Bank Sentral China mendevaluasi mata uangnya hampir 2 persen hari Selasa (11/8), yang akan membuat barang ekspor negara itu lebih murah dan lebih bersaing. Devaluasi itu juga akan membuat barang-barang yang diimpor ke China menjadi lebih mahal bagi konsumen China.
Perubahan itu menyusul merosotnya ekspor dan kekacauan pasar saham di negara dengan ekonomi terbesar ke-2 di dunia itu. Pengamat ekonomi, Gus Faucher dari PNC Bank mengatakan, kebijakan dalam pertukaran nilai mata uang itu tampaknya bakal “mendukung pertumbuhan di China”.
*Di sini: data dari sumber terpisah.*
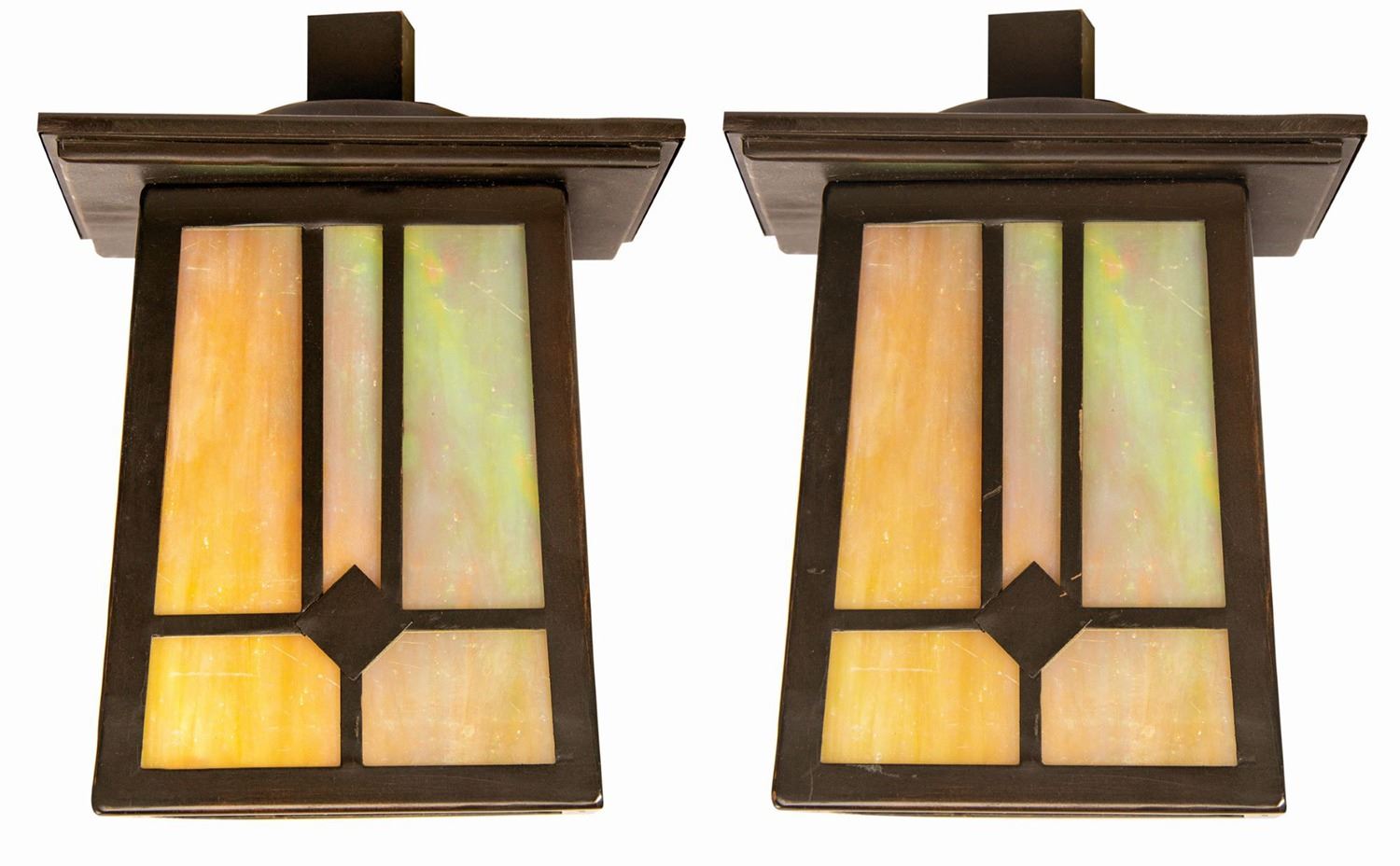 (Grand Californian, 2001) A pair of vanity lights from Disney's Grand Californian Hotel & Spa. These lamps were removed during a recent refurbishment to the hotel and feature the American Craftsman style that has been the signature of the hotel since it first opened in 2001. These impressive lamps offer a rare opportunity to furnish your home with the same quality, style, and care that Disney has used in one of their most popular hotels over the last 16 years. Both lamps measure 8"x6" and 7.75" deep. The pair are in very good condition with some expected moderate wear from use. Both lights are functional.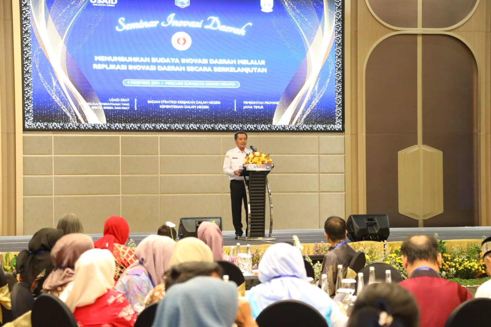Surabaya, nirmedia.co – Kepala Badan Strategi Kebijakan Dalam Negeri (BSKDN) Kementerian Dalam Negeri Yusharto Huntoyungo menegaskan replikasi inovasi daerah memegang peranan penting dalam mempercepat pembangunan berkelanjutan. Hal itu disampaikan dalam Seminar Nasional Menumbuhkan Budaya Inovasi Daerah melalui Replikasi Inovasi Daerah Secara Berkelanjutan yang berlangsung di Grand Ballroom Hotel Mercure Surabaya pada Rabu, 4 Desember 2024.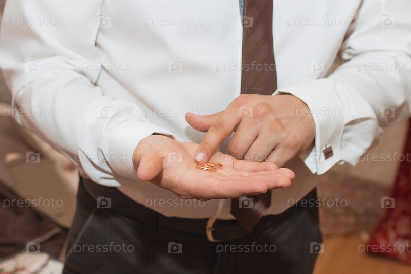Обручальные кольца на ладони жениха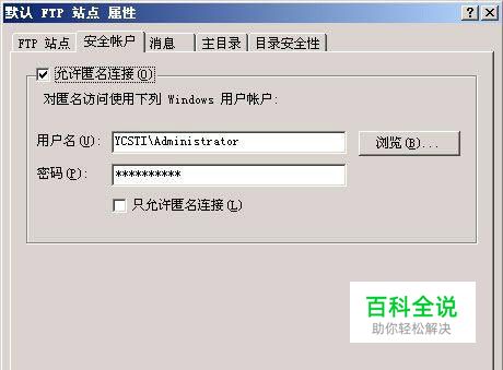 打开Internet信息服务窗口,在该窗口的左侧显示区域,用鼠标右键单击目标FTP站点,从弹出的快捷菜单中单击“属性”命令,打开目标FTP站点的属性设置窗口,单击该窗口中的“安全帐号”标签,进入到标签设置页面(如下图); 检查该标签页面中的“允许匿名连接”项目是否处于选中状态,要是发现该选项已经被选中的话,那我们必须及时取消它的选中状态; 单击上图中标签页面中的“浏览”按钮,从随后出现的“选择用户或组”设置窗口中,依次将“bbb”、“ccc”用户帐号选中并导入进来,再单击“确认”按钮,返回到Internet信息服务列表窗口;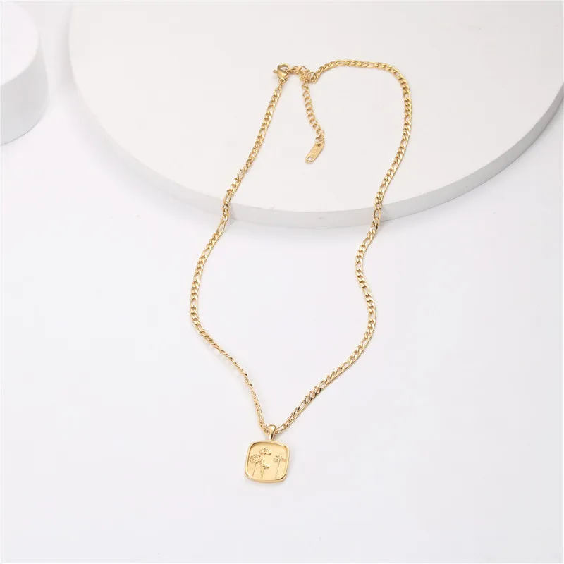 Женская винтажная цепочка Фигаро, ожерелье из нержавеющей стали с тиснением, стереоскопическим изображением цветов, квадратной формы, 2021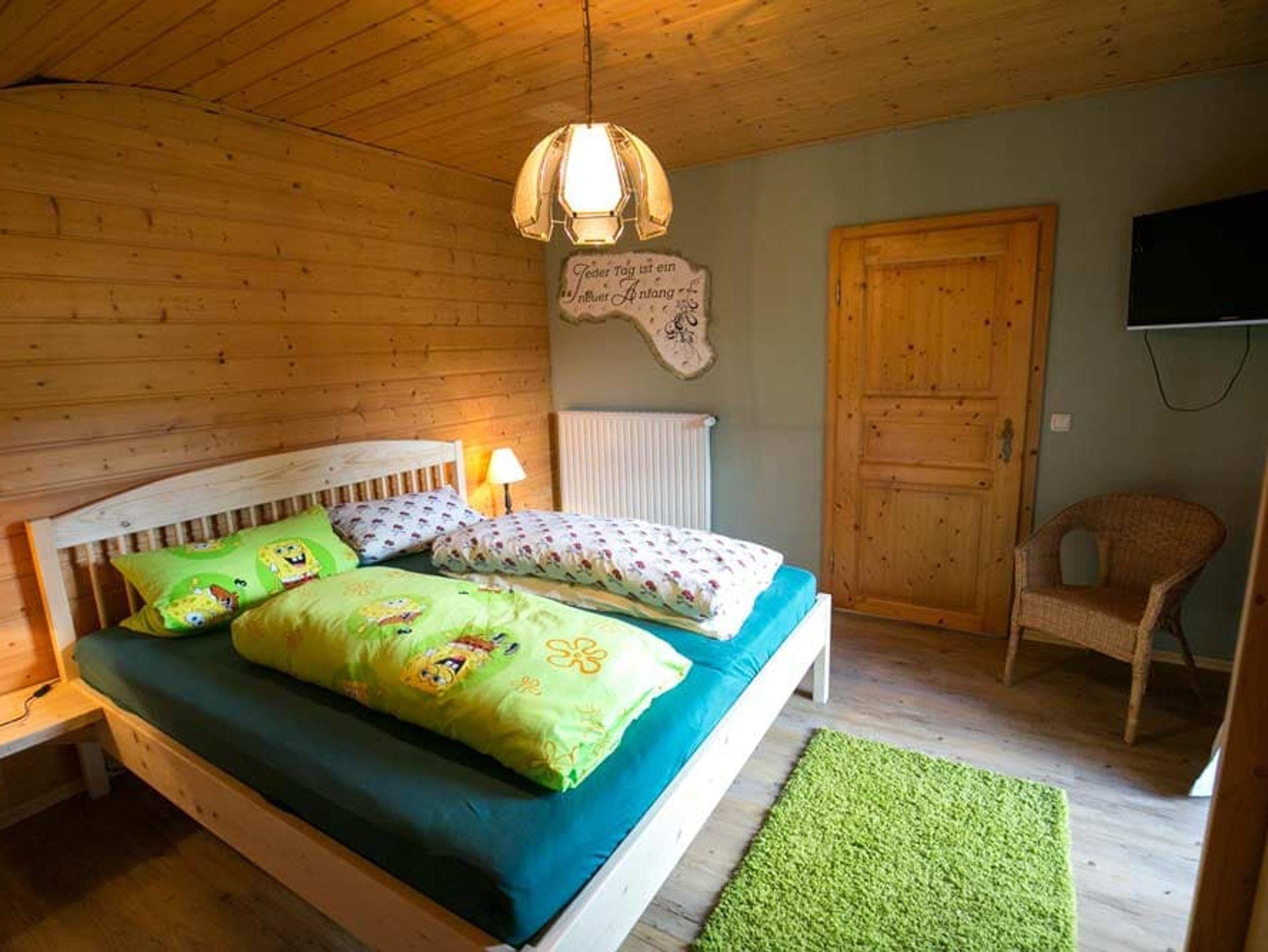 Die Ferienwohnung Osserberg (110qm) bietet Platz für 6 Personen. In den drei Schlafzimmern steht jeweils ein bequemes Doppelbett. In einem Schlafzimmer befindet sich ein großer TV. Das Wohnzimmer mit Sat-TV, großer Couch und Kachelofen lädt zum Verweilen ein. Die Küche mit Spülmaschine, Mikrowelle, Toaster, Wasserkocher, Espressomaschine lässt keine Wünsche offen. Das Bad besteht aus Badewanne und WC. Im zweiten Bad befindet sich noch eine Badewanne. Auf den schönen Balkonen können Sie die Sonne und Aussicht genießen. Babygerechte Ausstattung möglich. Frühstücksbuffet gegen Aufpreis möglich. Tischtennisraum mit großem Fußballkicker, große Liegewiese mit Liegen und Grill und ein separater Waschraum mit Waschmaschine und Trockner stehen unseren Gästen zur Verfügung. Kostenloses Reiten am Hof und auf Wunsch Kinderbetreuung. Separates Kinderspielzimmer, Aufenthaltsraum, eigener schattiger Kinderspielplatz mit Baumhaus, großem Trampolin und Lagerfeuerstelle.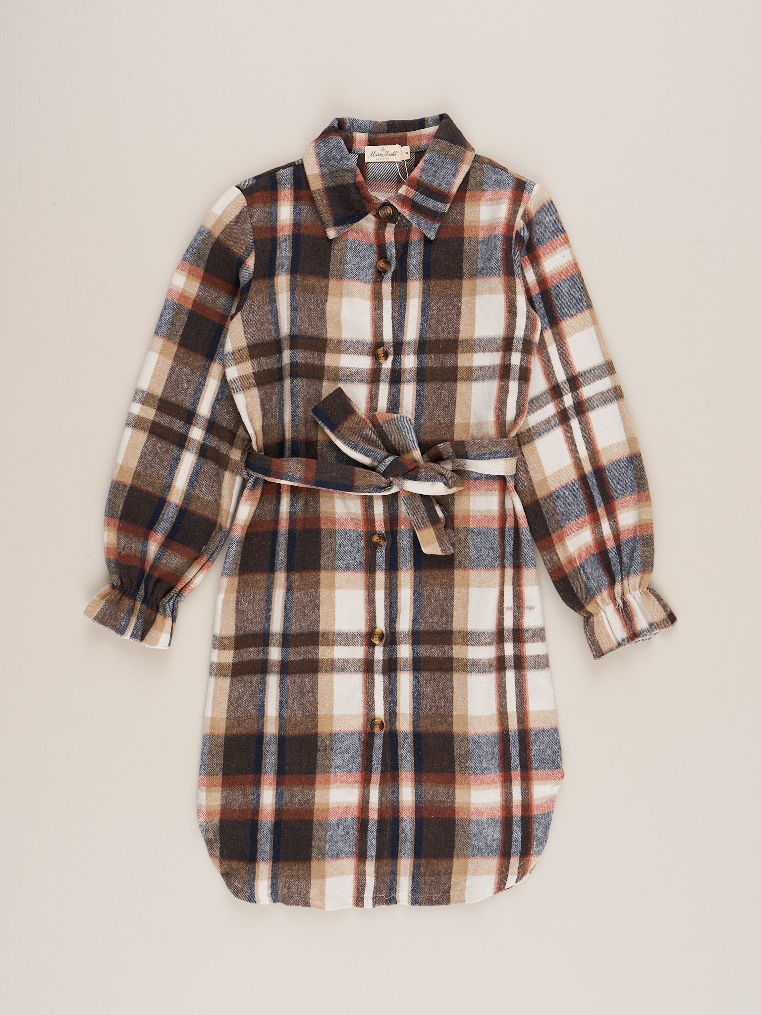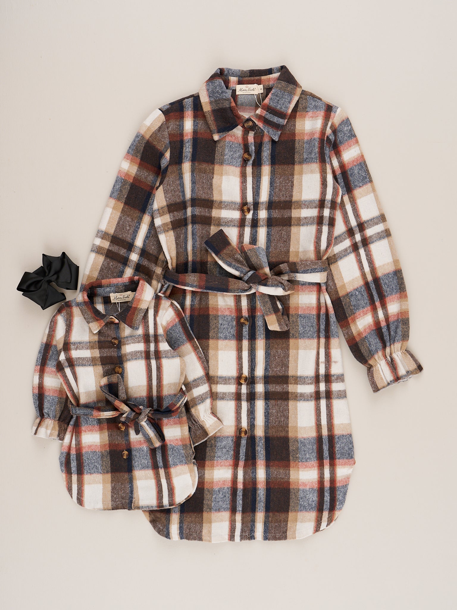 Mom & Me Long Flannel Tunic - Dark Brown & Rust Plaid

Mata uang China secara ketat dikontrol oleh pemerintah dan diijinkan untuk naik atau turun 2 persen pada titik sentral yang dipatok tiap hari oleh Bank Rakyat China atau PBOC. Bank PBOC mengatakan, perubahan itu membuat pasang-surut nilai mata uang China ditentukan oleh kekuatan pasar.
Devaluasi itu tampaknya mengkhawarirkan sebagian investor mengenai pertumbuhan ekonomi di sana. Pada hari Selasa terlihat, indeks saham utama turun di seluruh dunia. Harga minyak mentah juga jatuh dan memicu spekulasi bahwa permintaan China untuk energi akan melamban.
Langkah hari Selasa diambil setelah pengumuman bahwa ekspor China pada bulan Juli turun 8 persen lebih dari waktu yang sama tahun lalu.